Posted by Reuven Lax <re...@google.com>.
is synchronization over an entire work item, or just inside restriction
tracker? my concern is that some runners (especially streaming runners)
might have hundreds or thousands of parallel work items being processed for
the same SDF (for different keys), and I'm afraid of creating
lock-contention bottlenecks.

On Fri, Sep 21, 2018 at 3:42 PM Lukasz Cwik <lc...@google.com> wrote:

> The synchronization is related to Java thread safety since there is likely
> to be concurrent access needed to a restriction tracker to properly handle
> accessing the backlog and splitting concurrently from when the users DoFn
> is executing and updating the restriction tracker. This is similar to the
> Java thread safety needed in BoundedSource and UnboundedSource for fraction
> consumed, backlog bytes, and splitting.
>
> On Fri, Sep 21, 2018 at 2:38 PM Reuven Lax <re...@google.com> wrote:
>
>> Can you give details on what the synchronization is per?
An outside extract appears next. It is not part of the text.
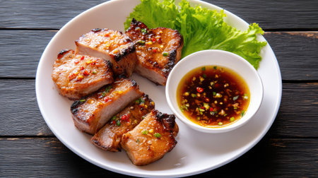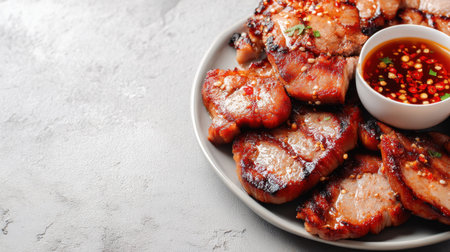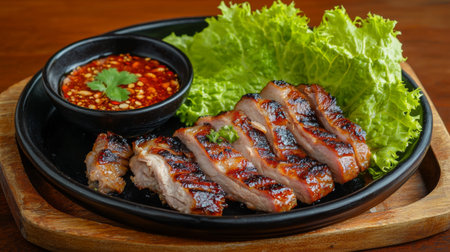 A mouthwatering platter of grilled pork slices served with a side of spicy dipping sauce, garnished with fresh herbs, perfect for culinary enthusiasts and food lovers.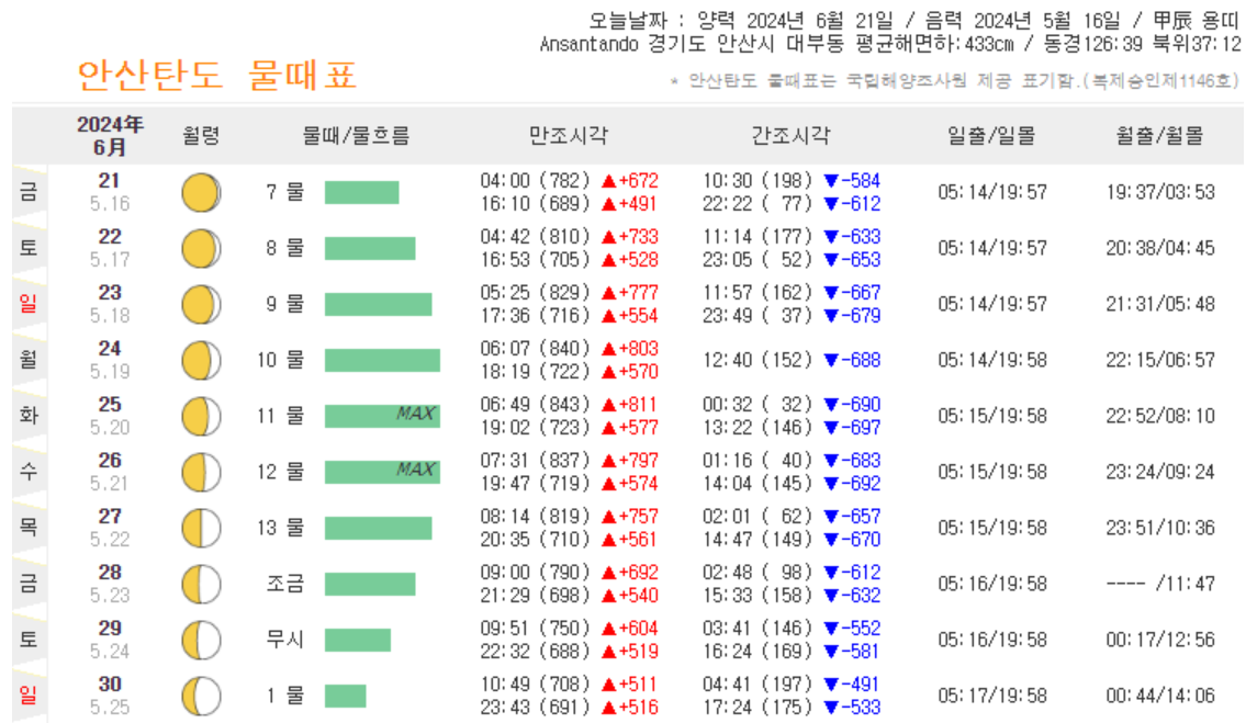 - 조석 : 바다의 물이 들어오고 나가는 시작점의 (만조, 간조) 일별 시간표시

Is it per key,
>> or global to each worker?
>>
>> On Fri, Sep 21, 2018 at 2:10 PM Lukasz Cwik <lc...@google.com> wrote:
>>
>>> As I was looking at the SplittableDoFn API while working towards making
>>> a proposal for how the backlog/splitting API could look, I found some sharp
>>> edges that could be improved.
>>>
>>> I noticed that:
>>> 1) We require users to write thread safe code, this is something that we
>>> haven't asked of users when writing a DoFn.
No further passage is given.